The Katrine cattle are in the SAC Premium Cattle Health Scheme, and all animals have tested clear of the four major diseases when purchased. Annual tests have since confirmed the entire herd as High Health with ‘accredited free’ status. This is a very valuable detail for buyers of the first cross females, especially so for one buyer in 2012 who wanted a group of high health heifers to be used as embryo recipients.

In 2012 a grazing trial was completed which showed the merits of crossing Highland cows with Whitebred Shorthorn bulls as opposed to breeding pure. Whitebred Shorthorn cross steers were run with pure Highland steers under the same management and feeding regime. On the trial the Whitebred Shorthorn cross steers gained significantly better than the pure Highlands and reached slaughter weights significantly faster and well below the 30 month deadline, whilst also producing a carcass of consistently better grading. The price per kilo for Whitebred cross steers is better too, especially if sold as forward stores.

The trial showed that by breeding the Highland cows with Whitebred Shorthorn bulls, instead of Highland, the resulting calf crop would gain an average of 0.15kg more per day between 12months of age and finishing. In addition, any animal that is sired by the Whitebred Shorthorn qualifies for the Morrisons Supermarket 30p/kg premium, making the advantage of cross-breeding with the Whitebred even more distinct.

In 2013 this work has been expanded upon, by recording the weights of all cattle at Loch Katrine. This is proving to be an extremely valuable exercise as it will help to inform the selection of both Highland and Whitebred Shorthorn replacements. The 2013 calf crop were weighed at weaning along with the cows, with the Whitebred Shorthorn cross calves an average of 20% heavier than the pure Highlands at this stage. The highland cows average 445kg and calves are averaging approximately 50% dam weight by weaning, giving a calf/cow weight ratio that few other breeds are able to achieve at 200 days without creep feeding. They will be weighed again at 12 months, which should give more insight into the difference in performance post-weaning.

All Highland bulling heifers are now put to a Whitebred Shorthorn bull. This is due in part to the findings above but also due to the ease of calving and the benefits of heifers rearing a first calf with such fantastic hybrid vigour. The docility of the Whitebred Shorthorn breed is outstanding, being very easily handled and a pleasure to work with, a trait which the bulls are passing on to their first cross progeny. The first cross heifers are in demand and attract a premium as a result of their known mothering qualities, making them a popular choice for upland suckler herds. As mentioned above any cattle sired by the Whitebred Shorthorn qualify for Morrisons supermarket 30pence/kg premium over base price, which can increase the value of finished steers by up to £90 per head.

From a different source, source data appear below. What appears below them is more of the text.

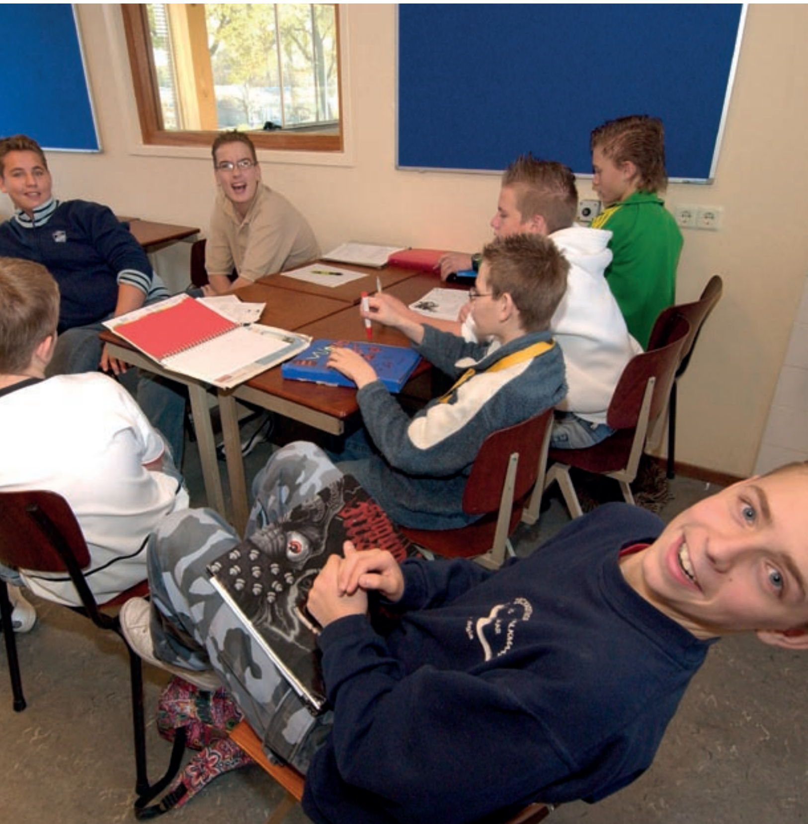
Jongeren brengen hun eigen jeugdcultuur de school binnen. Die cultuur botst soms met de schoolcultuur. Een school kan helpen die jeugdcultuur te doorbreken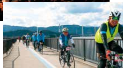
参加した人たちは爽やかな笑顔でサイクリングロードを駆け抜けていきました。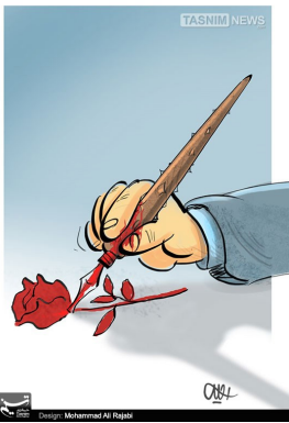
Design: Mohammad Ali Rezaei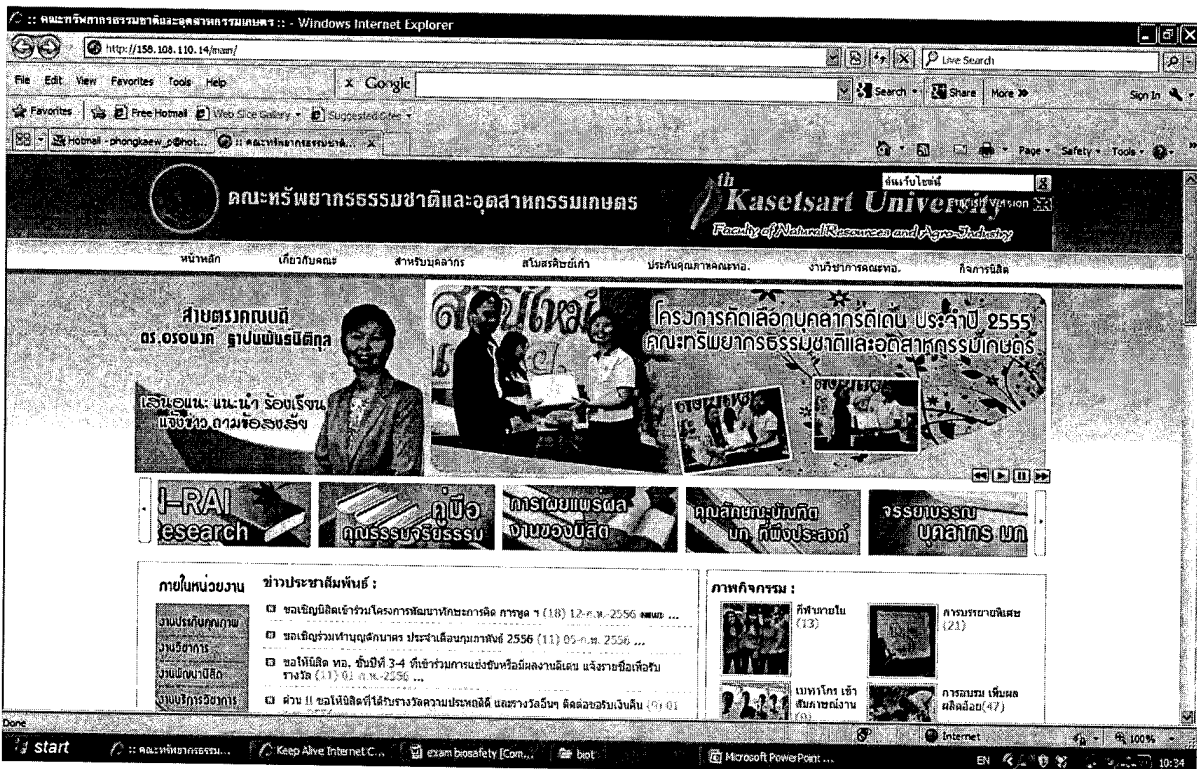
ภาพที่ 1 แสดงส่วนของหน้าเว็บไซต์คณะ ทอ. ในการเผยแพร่บุคลากรที่ได้รับรางวัล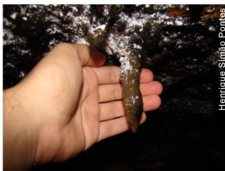
Estalactite apresentando cerca de 10 cm

Outro ponto visitado durante o trabalho foi um pequeno abrigo, o local apresenta estrutura para visitação situado em frente a gruta. Uma trilha suspensa que facilita o acesso para visitação e que ao mesmo tempo, é um fator que contribui para a conservação do sítio, pois delimita o acesso, possibilitando a proteção de importantes espeleotemas. A gruta, com desenvolvimento linear de 9 m, por 20 m de largura e média de 3 m de altura, trata-se de um geossítio de grande importância científica de Ponta Grossa e região. Seus espeleotemas apresentam tamanho proeminente em relação aos de outras cavidades subterrâneas da região. Trata-se de um aglomerado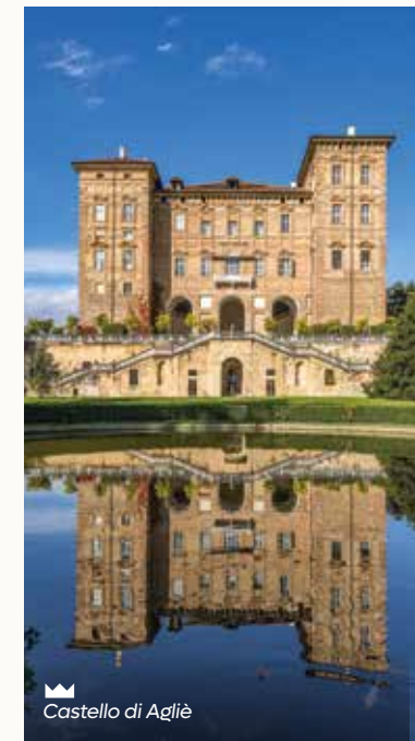
Castello di Agliè

Furono acquistati a questo scopo il Castello di Agliè , un trionfo di eleganza e splendore con il salone da ballo affrescato e la successione di ambienti perfettamente conservati, e il Castello di Govone , famoso per il giardino settecentesco dove fioriscono numerose varietà di rose e una rara specie di tulipano selvatico.

Forestry Commission (Scotland) is committed to the agricultural enterprise at Loch Katrine, and is working to support and promote the two native cattle breeds of Highland and Whitebred Shorthorn. It is very encouraging to see, particularly over the past couple of years, that there is growing interest in the breed. Our project continues to support this by promoting the Whitebred Shorthorn both as an animal well suited to conservation grazing and as a commercially viable breed with much to offer to the future of the UK beef industry. We do this through publishing success stories in the press, providing information at our visitor centres, attending agricultural events, hosting school trips and annual student visits from Scottish Agricultural Colleges.